The number of silencers in circulation is smaller still than AR-15s, but the estimate of how many exist is also more reliable. As of May 2021, Americans have registered 2,664,774 silencers with the ATF under the National Firearms Act (NFA). That’s a very reliable count because the NFA requires civilians to register all of their sound suppressors with the agency or face potential prosecution. That puts the number of silencers slightly below the ATF’s estimate for the number of braced pistols. But not by much.
That could make a future challenge of the NFA’s registration requirements viable, at least as they apply to silencers.

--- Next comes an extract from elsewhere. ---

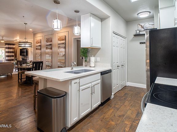 Luxury Turn-Key Condo in Villa Royale, McCormick Ranch! Discover upscale living in this beautifully remodeled 2-bedroom, 2-bathroom condo in the highly sought-after Villa Royale community. Featuring wood floors throughout, elegant quartz countertops, white shaker cabinets, and stainless steel appliances, this home offers a perfect blend of modern sophistication and comfort. The bathrooms have been fully updated, and the spacious, open floor plan is designed for both relaxation and entertaining. This ground floor unit condo includes a 1-car garage and can be sold fully furnished, making it a truly turn-key opportunity for a seamless move-in. Residents of Villa Royale enjoy resort-style amenities, including a heated pool, relaxing spa, and a well-equipped fitness center, all within a gated community for added security and peace of mind.
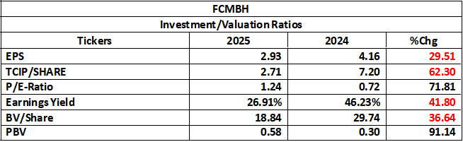 - Earnings per Share (EPS): The EPS declined as expected due to equity dilution. As shown in the table below, EPS dropped from N4.16 to N2.93 each. please note that this is not a sign of weaker performance. This is the implication of the new shares recently added. Although the number of shares increased, profit did not immediately grow at the same pace. This causes automatic EPS dilution, even when the underlying business is improving, Given the level of productivity recorded by the asset, we are of the strong opinion that EPS will recover as FCMB deploys the fresh capital more aggressively in the coming months. Thus, this decline should not be viewed negatively.

Of course, gun-rights activists have been pushing courts to adopt this line of thinking since Heller was handed down 15 years ago. And Judge O’Connor is just a district court judge. His ruling isn’t binding on anyone but the parties to the case. Other federal judges don’t have to follow his reasoning. The same is true of single-judge concurrences, even all the way up at the Supreme Court.
But, if Judge O’Connor’s standard for determining “common use” proves to be influential, it will upend gun policy in the ways gun-rights advocates have been hoping, and gun-control advocates have been dreading, for a generation.